A total of 2476 proteins were differentially expressed in PBMCs from patients with T1DM and MS patients compared with those form healthy controls (H). Predictive analysis highlighted 15 common proteins, up- or downregulated in PBMCs from patients with T1DM and MS patients vs. healthy controls, involved in the immune system activity (BTF3, TTR, CD59, CSTB), diseases of the neuronal system (TTR), signal transduction (STMN1, LAMTOR5), metabolism of nucleotides (RPS21), proteins (TTR, ENAM, CD59, RPS21, SRP9) and RNA (SRSF10, RPS21). In addition, this study revealed both shared and distinct molecular patterns between the two conditions.
Compared with H, patients with T1DM and MS presented a specific expression pattern of common proteins has been identified. This pattern underscores the shared mechanisms involved in their immune responses and neurological complications, alongside dysregulation of the autophagy pathway. Notably, CSTB has emerged as a differential biomarker, distinguishing between these two autoimmune diseases.

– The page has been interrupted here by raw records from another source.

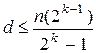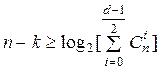 Выражение (3.20) удобно для получения максимально возможного d при заданных n и k, но не очень удобно для получения максимального k при данных d и n, в связи с чем другая форма границы Плоткина выглядит следующим образом
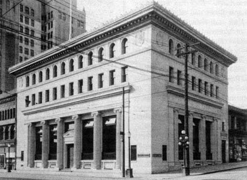 The Union Bank erected substantial offices in Edmonton and Vancouver. From plans by Edmonton architect Roland Lines and Vancouver architects Somerville and Putnam, branches in these two cities opened in 1910 and 1921 respectively. Both buildings utilized contemporary technology. Structural steel was used on the Edmonton building and reinforced concrete on the Vancouver branch. The interiors of the main floor banking halls bore a striking similarity to the hall at the Winnipeg headquarters. But the exteriors of the two buildings were neo-classical. The Edmonton branch more closely resembled the colonnaded neo-classicism of the Canadian Bank of Commerce at Main and Lombard Streets in Winnipeg than it did other Union Banks while the Vancouver office displayed an eclecticism of its own. The Edmonton building did share a few exterior features with corporate headquarters—main floor Romanesque windows and a huge over-hanging cornice. On the Vancouver branch, only the overhanging cornice, a common element in bank design, reflected the corporate style. [20] [See Figure 3.]
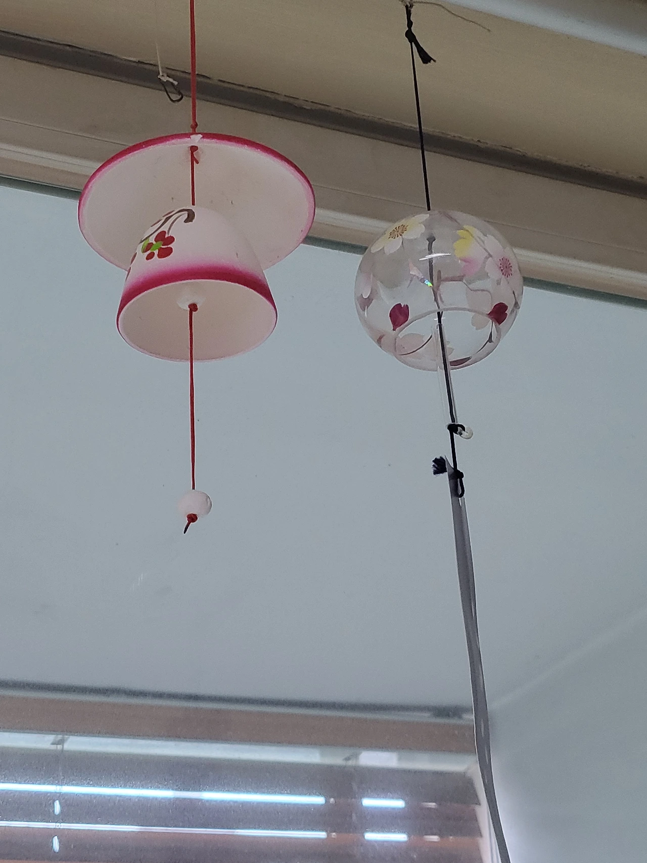 나는 무용한 것들을 사랑한다. 하늘, 별, 해와 달 그리고 꽃, 바람 그런 것들을. 드라마 미스터 선샤인에 등장인물 변요한의 대사처럼 말이다. 이 맘 때쯤 거실 베란다를 열어 놓으면 수제유리풍경이 바람이 왔다는 소리를 낸다. 팅~딩~띵~ 그 소리를 들으며 가만히 누워 있으면 시끄럽던 맘과 머리가 맑아진다. 몇 해 전 합정 교보문고에서 책을 보던 중 작은 상자가 눈에 들어왔다. 앗! 풍경이다. 생각보다 큰 지출을 해 버렸다. 나를 위해 이 정도는 선물해야지 하는 맘으로 예쁜 색으로 고르고 골라 선택한 지금의 저 예쁜 풍경. 베트남 여행 시 선물 받은 풍경과 나란히 걸려 있다. 그러나 베트남 풍경은 한 번도 소리를 내지 않는다. 왜일까?
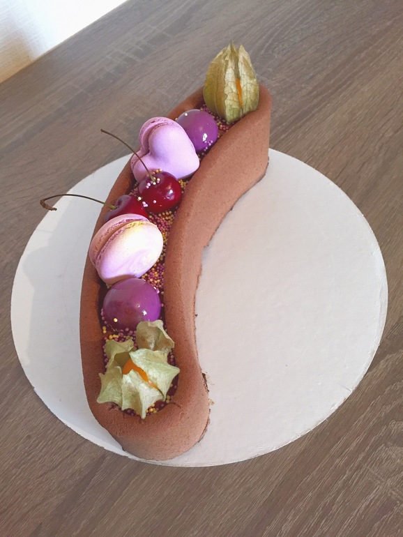 Шоколадный бисквит, крем и конфи из манго, мусс из ежевики. Покрыт шоколадным велюром.
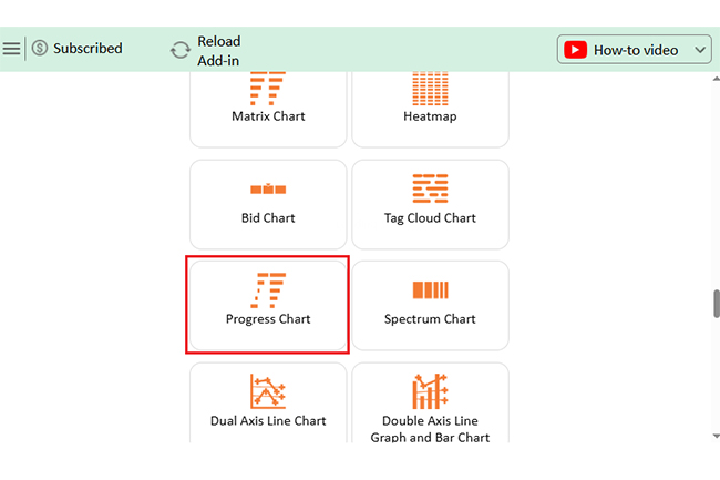 • Once it loads, scroll through the charts list to locate and choose the “Progress Chart”.
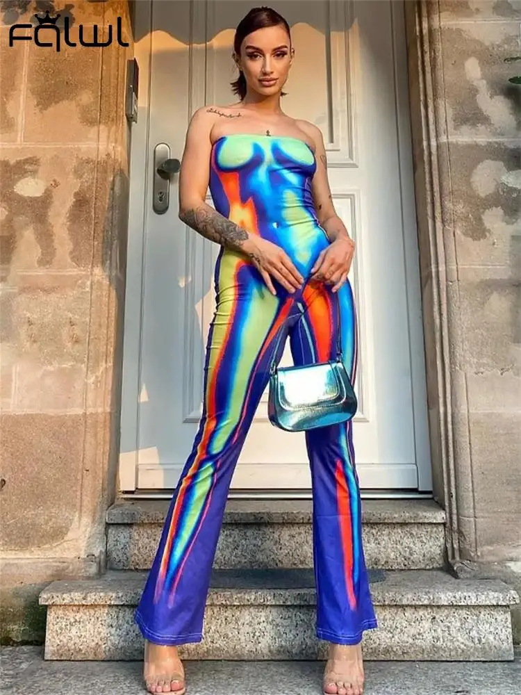Женский Облегающий комбинезон без рукавов с графическим принтом и открытой спиной
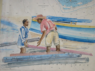 sur cartographie marine St Lucie Antilles. Aquarelle 28x38cm
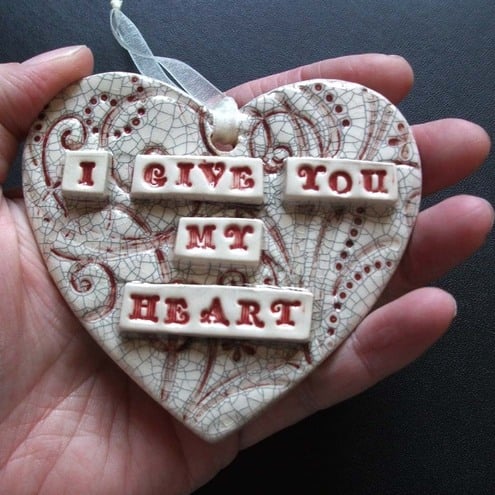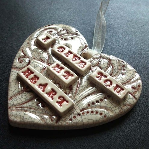 This ceramic heart is made from white earthenware clay and decorated with the words "I give you my heart" It has a pink swirly background finished off with a crackle glaze for a shabby chic look.

1型糖尿病(T1DM)和多发性硬化症(MS)的研究受到越来越多的关注,因为它们对患者生活质量有重大负面影响,并且对医疗保健系统有深远影响。尽管T1DM的临床症状与MS不同,如T1DM中的胰腺β细胞功能衰竭和MS中的中枢神经系统(CNS)脱髓鞘,但这两种疾病都被认为是自身免疫相关疾病,具有共同的致病途径,包括自噬、炎症和变性等。考虑到分别从T1DM和MS患者获取胰腺β细胞和CNS组织存在挑战,探索评估疾病状态的替代方法至关重要。外周血单核细胞(PBMC)的蛋白质组分析是识别这两种自身免疫性疾病新的潜在生物标志物的理想方法。
我们采用无标记定量蛋白质组学方法,对T1DM患者和复发缓解型多发性硬化症(以下简称MS)患者(每种情况n = 9)的PBMC进行了蛋白质组分析。患者分别按照美国糖尿病协会(ADA)的T1DM标准和麦克唐纳MS标准进行诊断,年龄均超过18岁,且发病分别超过2年。

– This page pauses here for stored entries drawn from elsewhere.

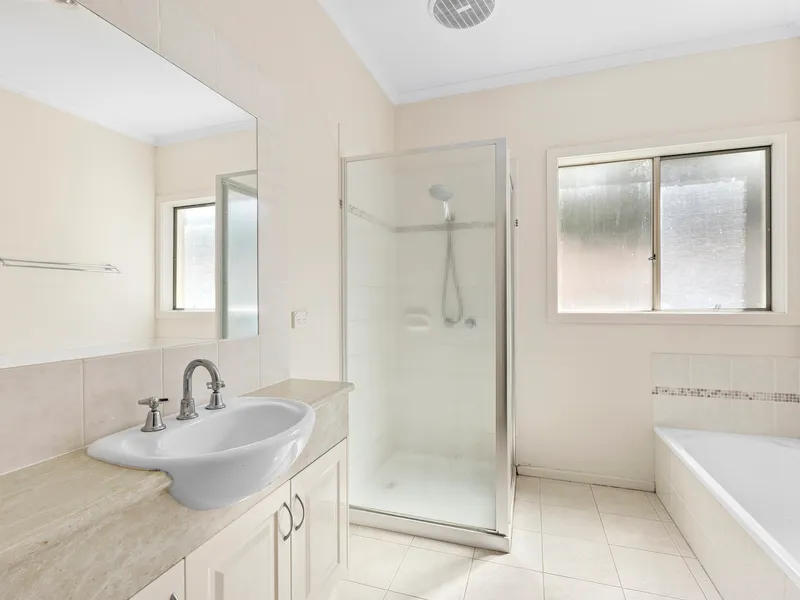 The master bedroom features a walk-in robe and private ensuite, while the remaining bedrooms include built-in robes and are serviced by a central bathroom with separate bath and shower.
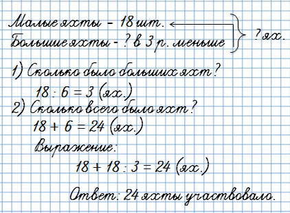 2. В соревнованиях приняли участие 18 малых яхт, а больших в 3 раза меньше. Сколько всего яхт участвовало в этих соревнованиях?
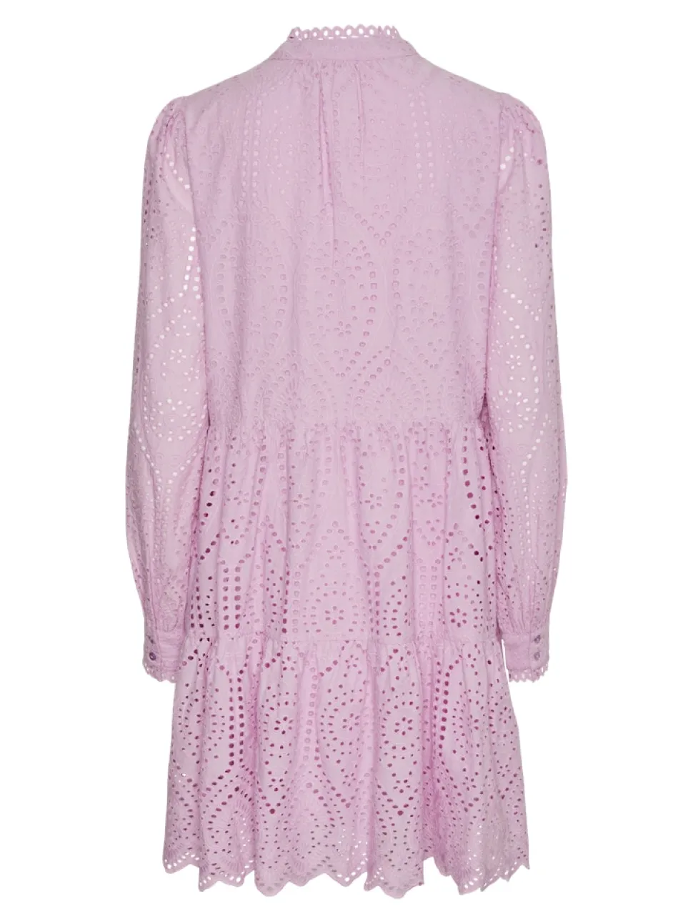 Röyhelöreunainen kiinalaiskaulus, v-pääntie, pallohihat. Hihansuissa röyhelöreunaiset kalvosimet. Kerrostettu helma, jossa brodeerattu siksakmuoto. Mekossa on vuori. Rento istuvuus.
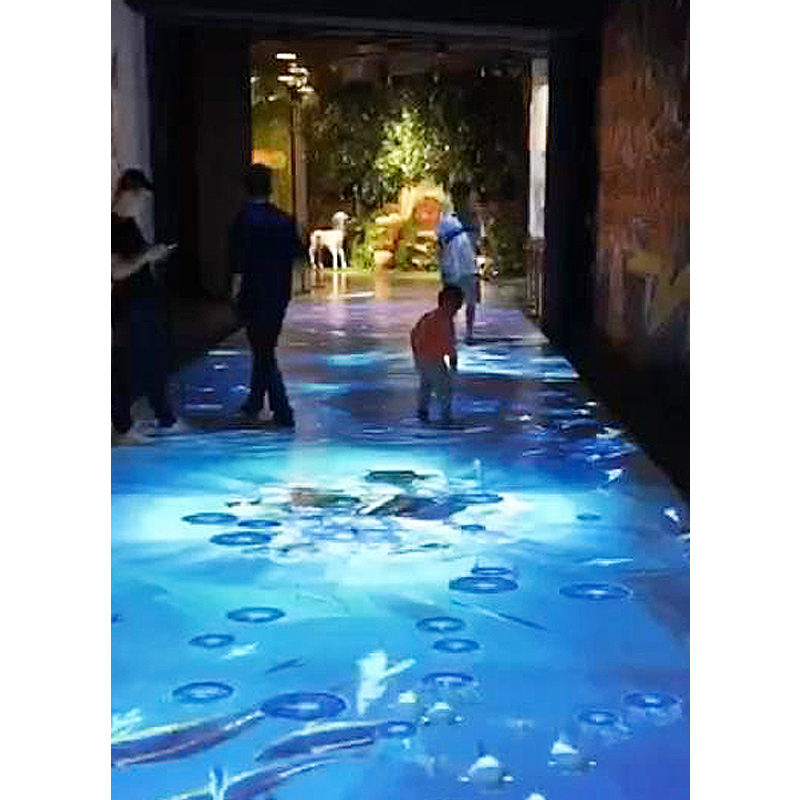Projection de sol interactive avec multi-canal pour le long couloir du parc

与健康对照(H)相比,T1DM患者和MS患者的PBMC中共有2476种蛋白质表达存在差异。预测分析突出了15种常见蛋白质,在T1DM患者和MS患者的PBMC中相对于健康对照上调或下调,这些蛋白质参与免疫系统活动(BTF3、TTR、CD59、CSTB)、神经系统疾病(TTR)、信号转导(STMN1、LAMTOR5)、核苷酸代谢(RPS21)、蛋白质(TTR、ENAM、CD59、RPS21、SRP9)和RNA(SRSF10、RPS21)。此外,本研究揭示了这两种疾病之间共同和独特的分子模式。
与H相比,已确定T1DM患者和MS患者存在共同蛋白质的特定表达模式。这种模式强调了它们免疫反应和神经并发症中涉及的共同机制,以及自噬途径的失调。值得注意的是,CSTB已成为区分这两种自身免疫性疾病的差异生物标志物。